Impressing and outstanding. Different and unique. Particular and herself. These are some words that come in my mind when I think of Louise Lecavalier who I was honored to see dancing on Friday night in the European Center of Arts Dresden „Hellerau“. How can a person have so much energy, express her story by an incomparable sharing dance and amaze me so much, that I was not able to close my mouth during her 65 minutes of dance?
How did she do that? No, she did not change her clothes all 10 minutes from rocker to sexy to colorful. She didn’t use props or songs that everybody knows. No. What she did was dancing her own choreography with a story that was easy to understand only when you are able to forget everything you know from show dance where music, costumes and smiling or sad faces reveal very clearly the story. Forget about all that and watch her dancing. Look at the scene: a square dance flooring which spends very clear borders which are crossed by the dancers from time to time with no caution and no hurry, just very naturally. And then you see the high wall at the and of the square flooring. But Battleground doesn’t care about walls. The two dancers use it as a very normal part of the stage and roll themselves over the floor using the wall as a welcome and simple part during their move.
What I liked very much was the simple clothes of the three artists: the dancers Louise Lecavalier and Robert Abubo and the live DJ Antoine Berthiaume wore black. That helps to focus on the choreography, the incredible and fantastic light design show by Alain Lortie and great beat of the contemporary electronic live music – I should mention that Lecavalier’s dance company Fou glorieux (glorious madman) comes from Montreal – a capital for contemporary and nonstandard music. Montreal is a colorful, wild and open city with a very innovating art scene – and it is hometown and home of Louise Lecavalier.
Who is Louise Lecavalier? What should surprise everybody who saw her dancing is the fact that she was born in 1958. She grew up in Montreal in the Canadian Province Quebec.
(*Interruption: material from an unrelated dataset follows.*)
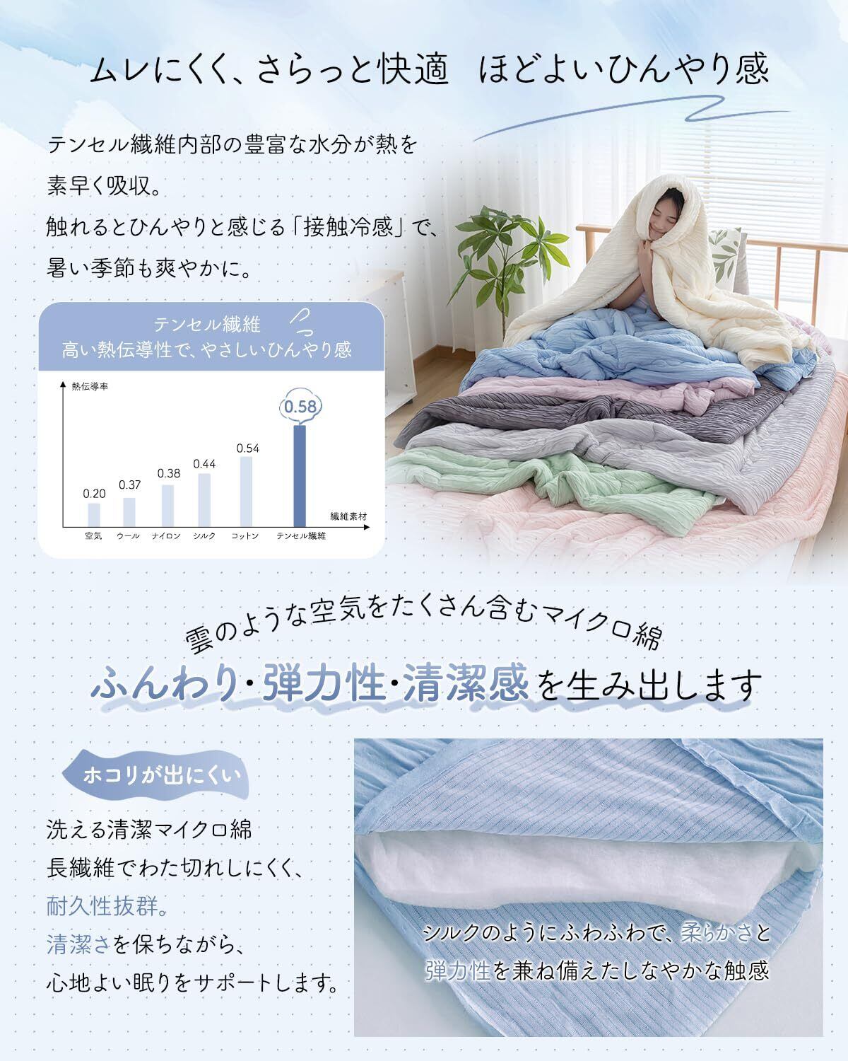 【高級テンセル繊維 マシュマロケット・商品仕様】「サイズ」140×190cm ※キルティング製(許容範囲+5%,-3%) 「素材」側生地:テンセル(上層)、ポリエステル97%、ポリウレタン3%(下層)中綿:マイクロ綿(ポリエステル100%)「企画国」日本【ご注意】お客様のご覧いただく環境により、色合いなどが異なる場合があります。実物とは色合いや明るさなどに相違が生じる可能性があるため、ご了承ください。万が一商品に不具合がある場合は、にご連絡いただければ迅速に対応いたしますので、ご安心してお買い求めください。

At the age of 15, she decided to become a dancer and became three years later part of the company Groupe Nouvelle Aire where she met the choreographer Édouard Lock. In 1981, they founded La La La Human Steps, travelled around the world with this dance company and became very popular. In 1990, Lecavalier played the leading female part in David Bowie’s music video Fame. In 2010, she was awarded the Order of Canada. Her first dance choreography So blue premiered in 2012 in Düsseldorf (Germany). Battleground premiered this month in the same city and was inspired by Italo Calvino’s Il cavaliere inesistente (1959; The Nonexisting Knight). She still lives with her family in Montreal. As Montréalaise, she speaks French and English, but has also very good other language skills as for example in German.
I was impressed by the dance style that was a bit provocative, but choreographed also with a lot of love for detail. The relationship between the two dancers is not comparable to anything else I have already seen: there was no forced romantic, no touches all along. They were a great team and developed romance in the respectful behavior towards each other. In the first quarter or third of the dance, Louise Lecavalier danced by herself. Then, Robert Abubo walked on her side in the square dance floor. Moves she had danced alone in the first part were later repeated together in a slightly amended version – it was wonderful to see that. One of my favorite parts was the farewell scene in the last five minutes which was still part of the dance; the dancers danced modified bows and imitated the coming backs on the stage – bowing – leaving – coming back – bowing etc. tradition – what I liked is that they did not dance it in a satirical comedian, but rather in a reflecting and unemotional way. I recommend everybody to watch a Louise Lecavalier choreography. It inspires you to break up with ordinariness.
Many thanks to the Government Representative Office of Québec and the European Center of Arts Dresden „Hellerau“ for the invitation to that wonderful evening with the artists Louise Lecavalier, Robert Abubo and Antoine Berthiaume.